MUMBAI: To simplify export procedures and enhance regulatory efficiency, the Drugs Controller General of India (DCGI) has announced overhauling the process of granting no-objection certificates (NOCs) in exporting unapproved drugs.
Previously, companies exporting drugs from India had to apply for a customer- and quantity-specific NOC each time they received an order.
Under the new system, the DCGI will grant a blanket NOC based on a company’s history of exporting the drug over the past one year as long as the drug is approved in the importing country.
The NOC will not be tied to the client or importer but will be product- and country-specific, reducing the number of NOCs issued from approximately 15,000 annually to around 5,000 or fewer.
The move will reduce the procedural burden on exporters.
Speaking on the sidelines of the Indian Pharmaceutical Alliance’s (IPA’s) Global Pharmaceutical Quality Summit, 2024, Rajeev Raghuvanshi, DCGI, stated: “We are simplifying the process while ensuring compliance. Now, companies need to submit the details of their customers and proof of regulatory approval once a year, instead of making multiple applications.”
This move is expected to streamline the export process while maintaining regulatory oversight.
The DCGI said revised guidelines for biosimilars would soon be released. The last update was in 2018, and the new framework aims to align Indian regulations with the latest global standards.
Additionally, the Central Drugs Standard Control Organisation (CDSCO) is in the process of drafting its first regulatory guidelines for cell and gene therapy, a sector governed by directives from the Department of Biotechnology (DBT) and the Indian Council of Medical Research (ICMR).
“We are developing a regulatory framework to guide the approval process for cell and gene therapies, ensuring clarity for applicants and alignment with global best practices,” Raghuvanshi stated.
The CDSCO has also intensified its inspection, with nearly 905 completed in the past two years.
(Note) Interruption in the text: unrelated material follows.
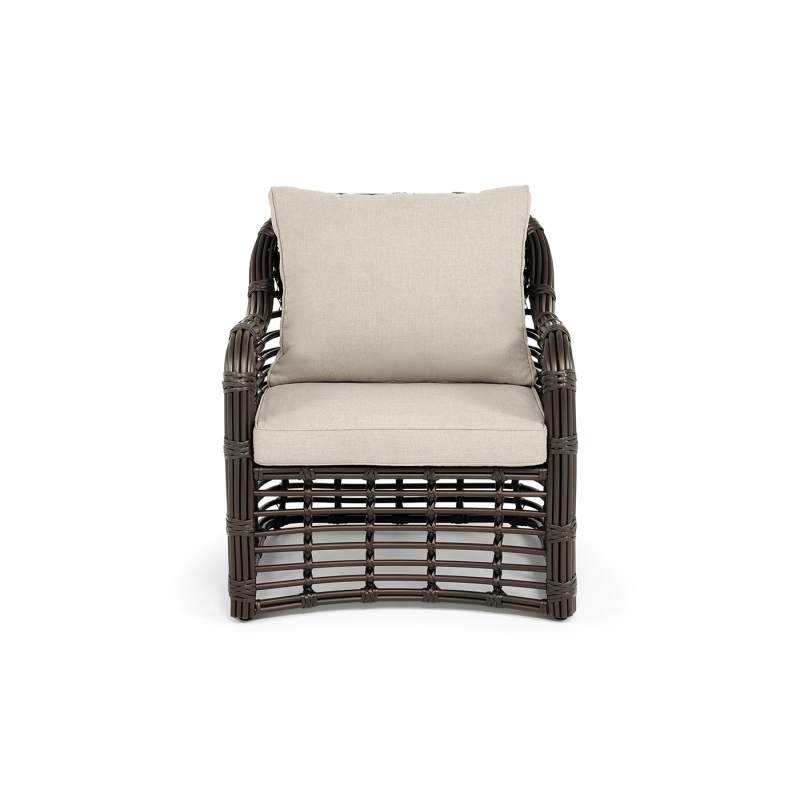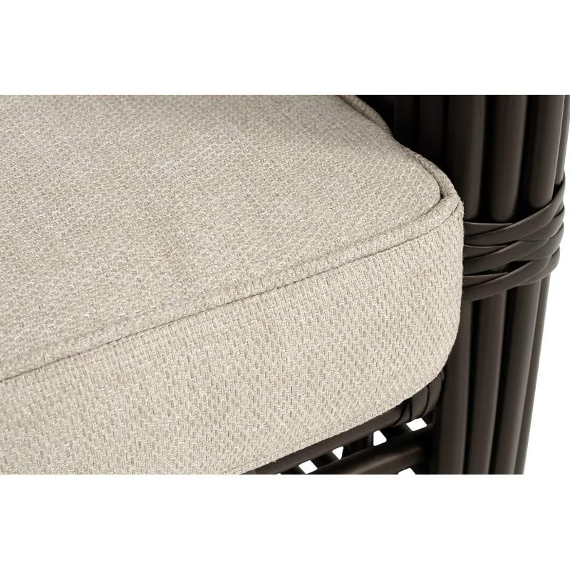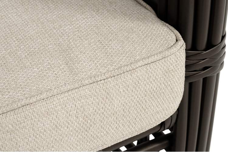 Кресло «Ницца» предназначено для комфортного времяпровождения в зоне отдыха с диванами и столиком из этой же серии. Каркас мебели сделан из прочного алюминия с высокими эксплуатационными качествами. Оплетен вручную с помощью круглого искусственного ротанга. Представлено в бронзовом оттенке. Садовое кресло укомплектовано удобными бежевыми подушками. Полиэстер используется при пошиве тканевых изделий, плотность которого - 300гр/м2. Материал имеет обязательную влагоотталкивающую пропитку для усиления его защитных свойств. Размер модели – 770×850×870 мм.

Recent events, including the Aveo case, have prompted the agency to closely monitor companies that have received NOCs to ensure compliance.
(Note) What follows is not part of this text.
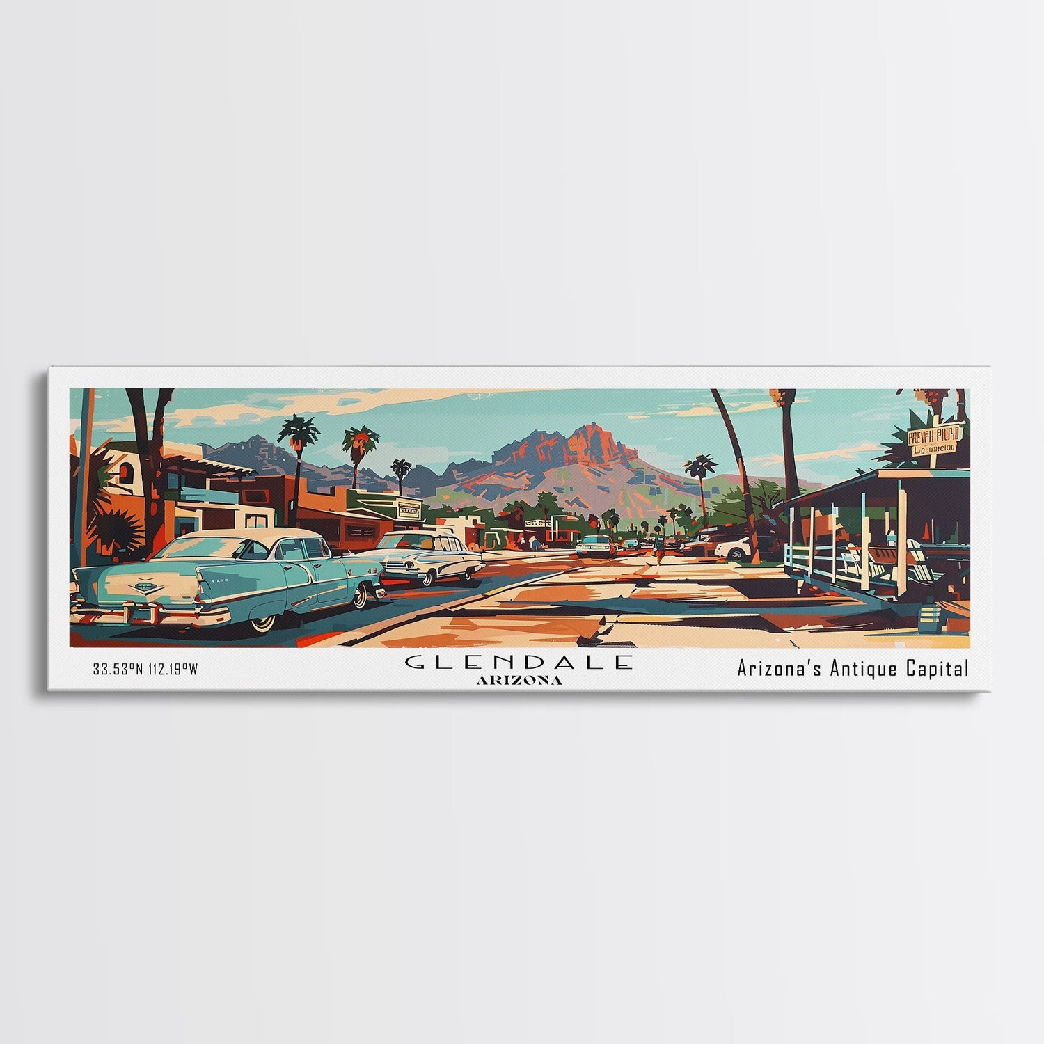 Glendale Arizona Panoramic Wall Art, Mid Century Modern Framed Canvas Print, Retro Pop Art Travel Poster, Home Decor, Office Wall Art, Gift Idea

In response to concern about regulatory oversight in export markets, particularly in low- and middle-income countries (LMICs), Raghuvanshi emphasised the need for India to strengthen its support.
“Many LMICs rely on the regulatory systems of exporting countries,” he noted.
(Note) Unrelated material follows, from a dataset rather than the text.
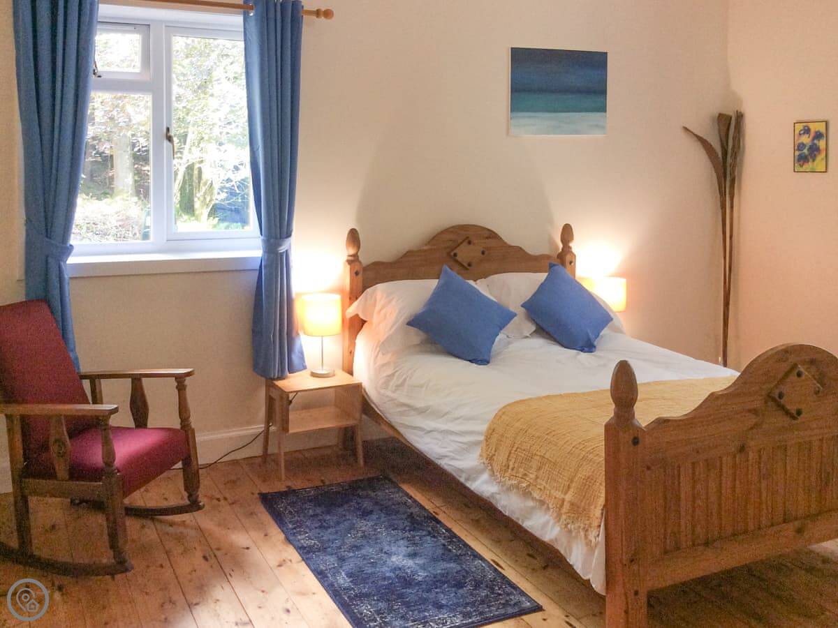 The bedroom's at the back. It has windows on two sides. One looks over the burn, the other towards a small waterfall. You can hear the water running. It's a nice sound.

“We must ensure our system is robust to assist them.”
Raghuvanshi also detailed the progress of the digital regulatory platform, a ₹100 crore project aimed at integrating all regulatory stakeholders. “This platform will bring together state regulators, partner agencies like customs and GST, and manufacturers, creating a comprehensive database of the entire regulatory value chain,” he said.
The platform aims to map the supply chain, from approval to sale, providing a unified information source and will be operational in two years.
Raghuvanshi spoke of the need for internal scientific capacity building in the CDSCO.
“We are creating positions for evaluators and reviewers,” he said. “Our workforce is primarily trained for executing the law, not for in-depth scientific evaluation.”
This initiative aims to reduce reliance on subject expert committees (SECs) for all technical matters.
On SECs, Raghuvanshi said fresh deliberations would be allowed only if a company gave new information.
“We will not allow companies to repeatedly push the same content to SECs,” he asserted.
He indicated changes to test licences, particularly for imports of small quantities for testing and analysis were being considered, with further details to be announced in forthcoming regulations.
The DCGI’s announcements signal concerted efforts to modernise and strengthen India’s drug regulatory framework, ensuring both domestic safety and responsible export practices.